• REQUIRED WORK: The result should be an exact copy of the data, free of pictures.

• DATASET EXCERPT:
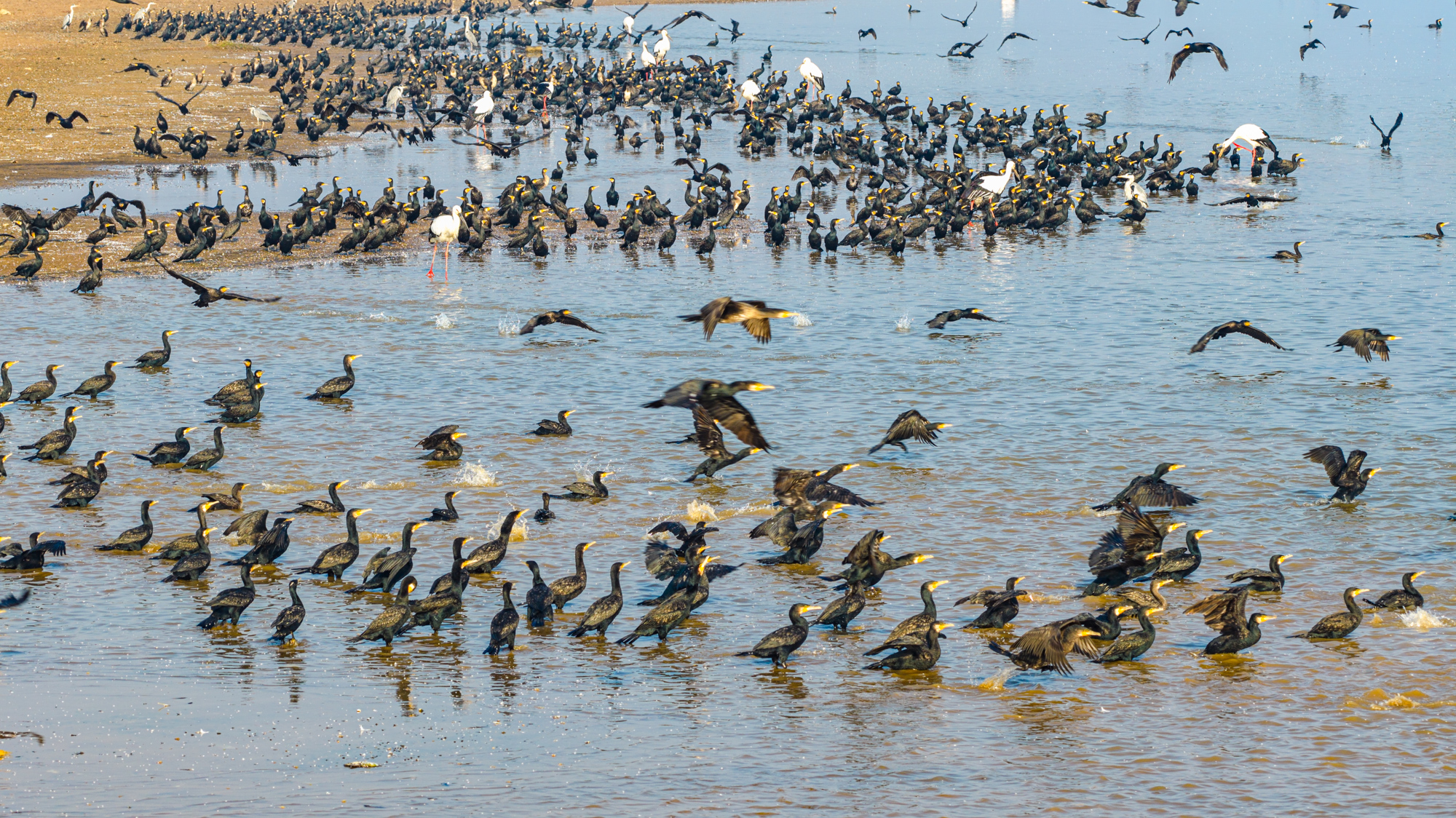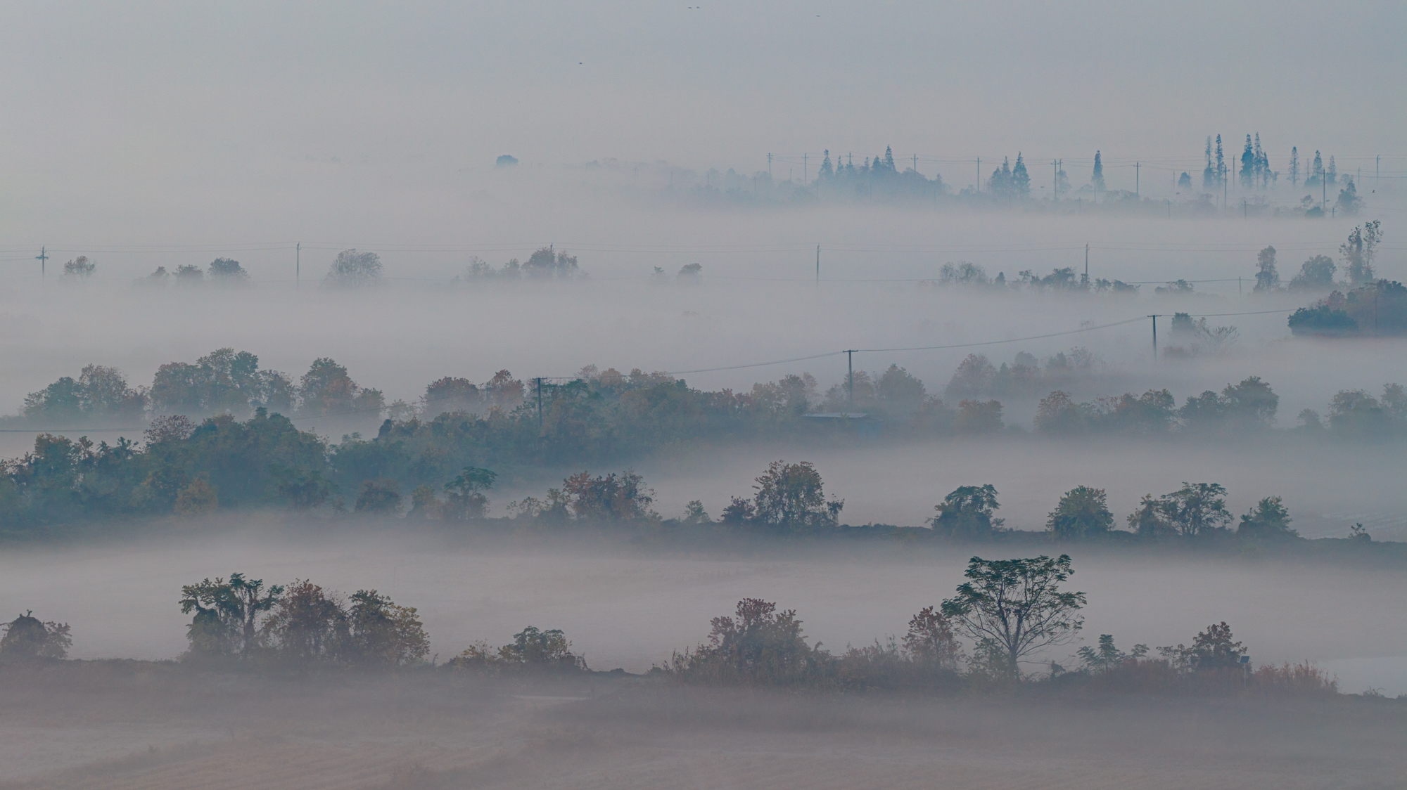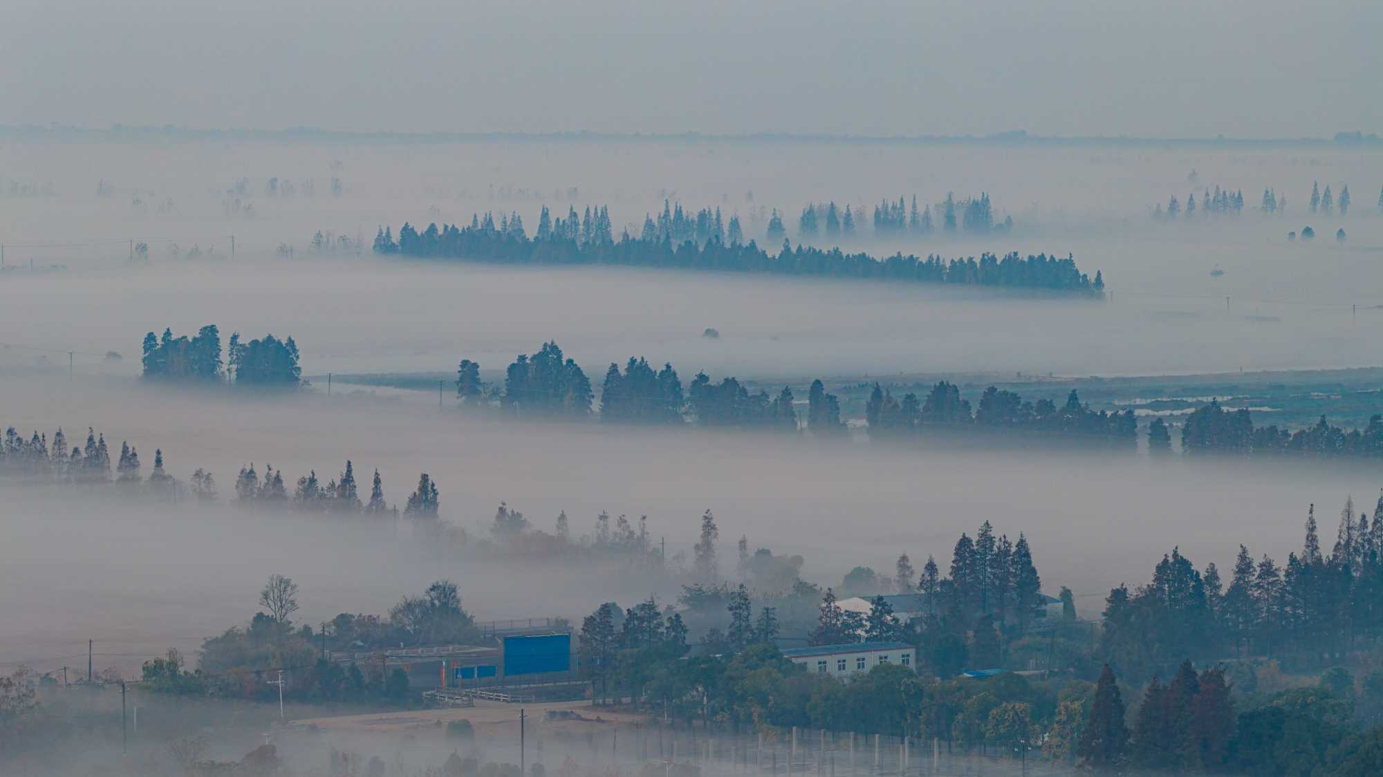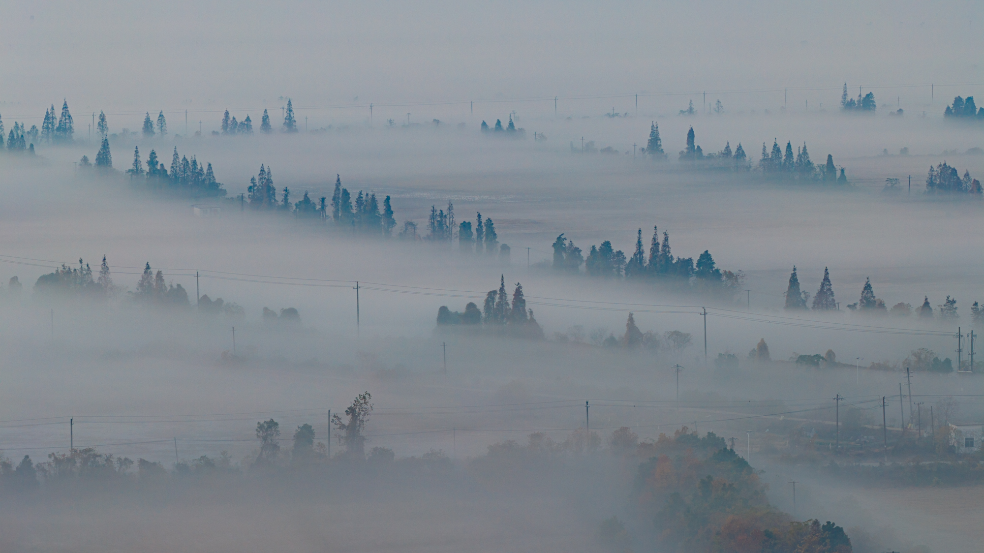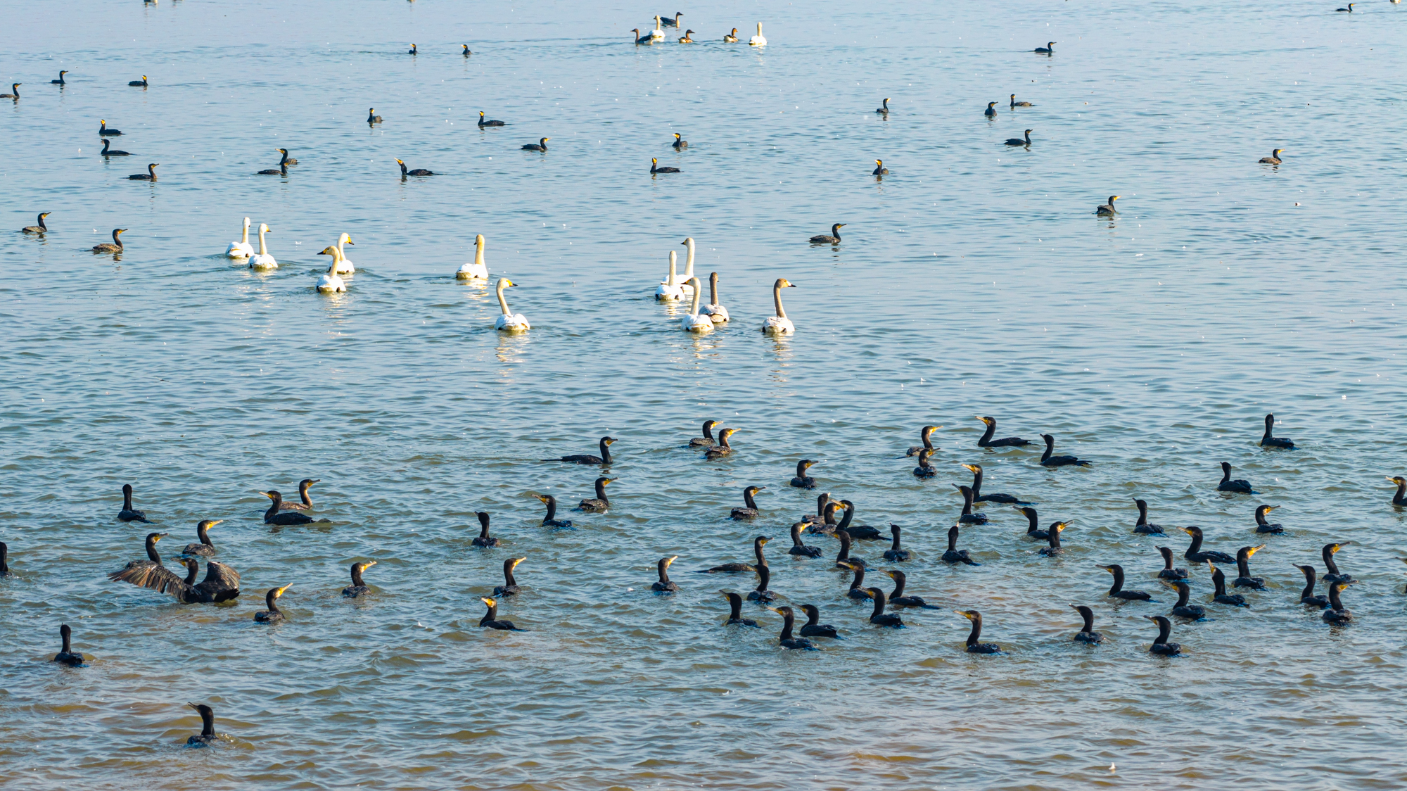 【江西余干:雾锁康山堤 霞染鄱湖岸】鄱阳湖畔的江西省上饶市余干县康山大堤,清晨薄雾氤氲。红日破雾升腾,橙粉霞光漫染天际,水杉林隐于雾中,如写意水墨;湿地湖面波光粼粼,天鹅、鸬鹚翩跹嬉戏。雾、霞、林、鸟相映成趣,勾勒出一幅灵动的冬日生态图景,引得游人纷至沓来。
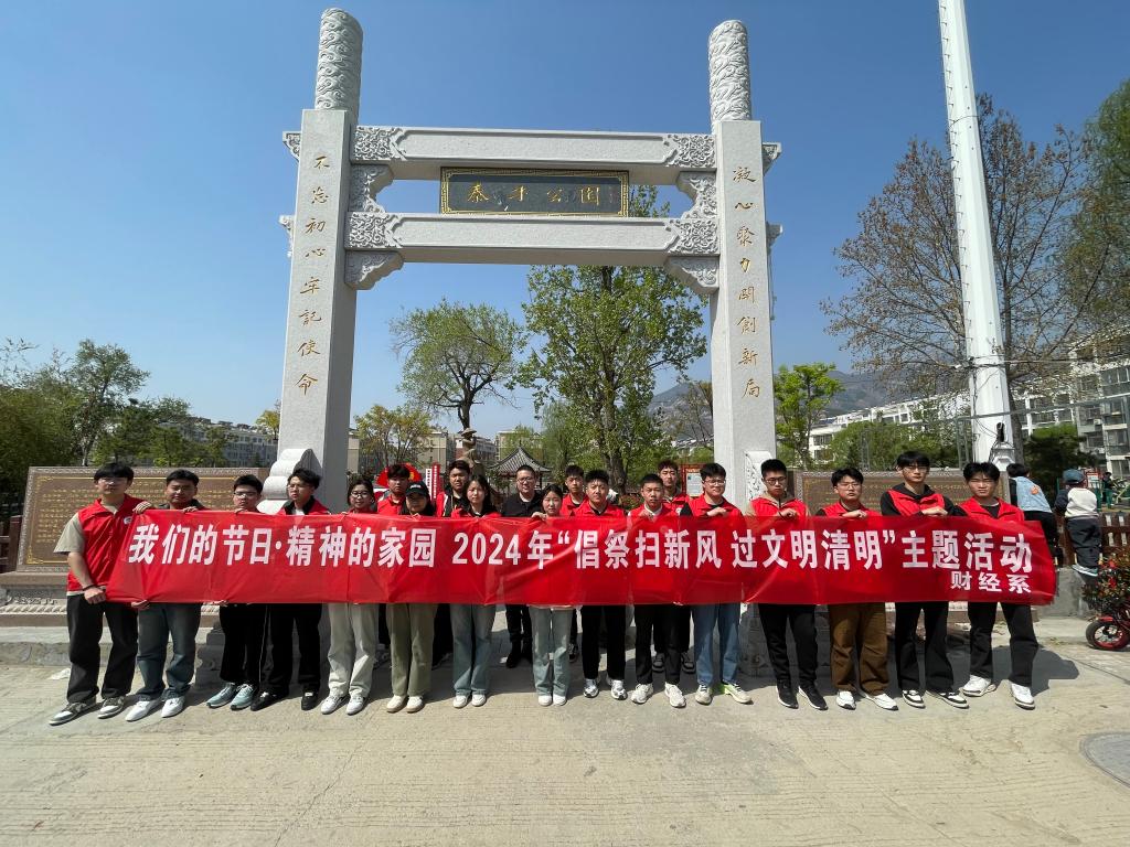 清明节,作为中华民族的传统节日,既是祭祀先人、缅怀英烈的重要时刻,也是弘扬传统文化、彰显文明风尚的重要节点。为打造一个绿色、文明、安全、和谐的清明节,财经系志愿者团队响应社会文明祭扫的号召,积极行动起来,于2024年4月6日在学生科教师张川的带领下前往泰牛公园开展以“倡祭扫新风,过文明清明”为主题的志愿服务活动。
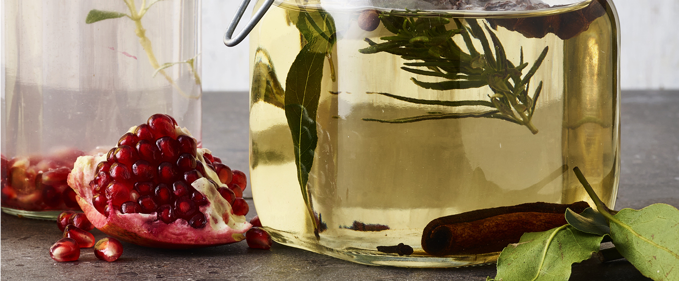 Kom alle ingredienser i et glas eller en flaske, og hæld snapsen over.
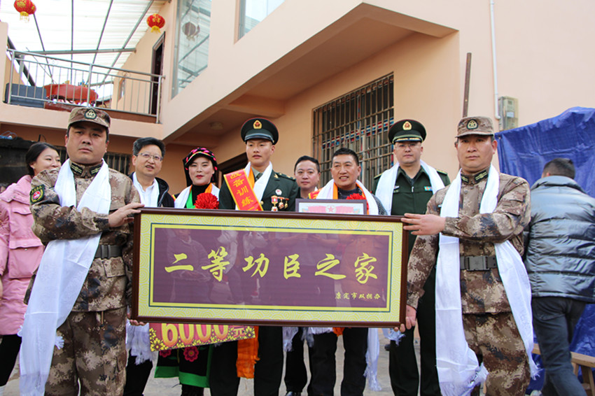 鑼鼓喧天,喜氣洋洋。2月9日,康定市姑咱鎮(zhèn)浸水村敲鑼打鼓迎接回鄉(xiāng)的王昊。康定市人民政府、康定市人武部和退役軍人事務(wù)局為王昊及家人披上綬帶、戴好紅花,鄭重地將喜報(bào)、慰問(wèn)金和“二等功臣之家”的牌匾送到他們手中。看著手中沉甸甸的榮譽(yù),王昊和父母的喜悅之情溢于言表。

• TASK SOLUTION:
 【江西余干:雾锁康山堤 霞染鄱湖岸】鄱阳湖畔的江西省上饶市余干县康山大堤,清晨薄雾氤氲。红日破雾升腾,橙粉霞光漫染天际,水杉林隐于雾中,如写意水墨;湿地湖面波光粼粼,天鹅、鸬鹚翩跹嬉戏。雾、霞、林、鸟相映成趣,勾勒出一幅灵动的冬日生态图景,引得游人纷至沓来。
 清明节,作为中华民族的传统节日,既是祭祀先人、缅怀英烈的重要时刻,也是弘扬传统文化、彰显文明风尚的重要节点。为打造一个绿色、文明、安全、和谐的清明节,财经系志愿者团队响应社会文明祭扫的号召,积极行动起来,于2024年4月6日在学生科教师张川的带领下前往泰牛公园开展以“倡祭扫新风,过文明清明”为主题的志愿服务活动。
 Kom alle ingredienser i et glas eller en flaske, og hæld snapsen over.
 鑼鼓喧天,喜氣洋洋。2月9日,康定市姑咱鎮(zhèn)浸水村敲鑼打鼓迎接回鄉(xiāng)的王昊。康定市人民政府、康定市人武部和退役軍人事務(wù)局為王昊及家人披上綬帶、戴好紅花,鄭重地將喜報(bào)、慰問(wèn)金和“二等功臣之家”的牌匾送到他們手中。看著手中沉甸甸的榮譽(yù),王昊和父母的喜悅之情溢于言表。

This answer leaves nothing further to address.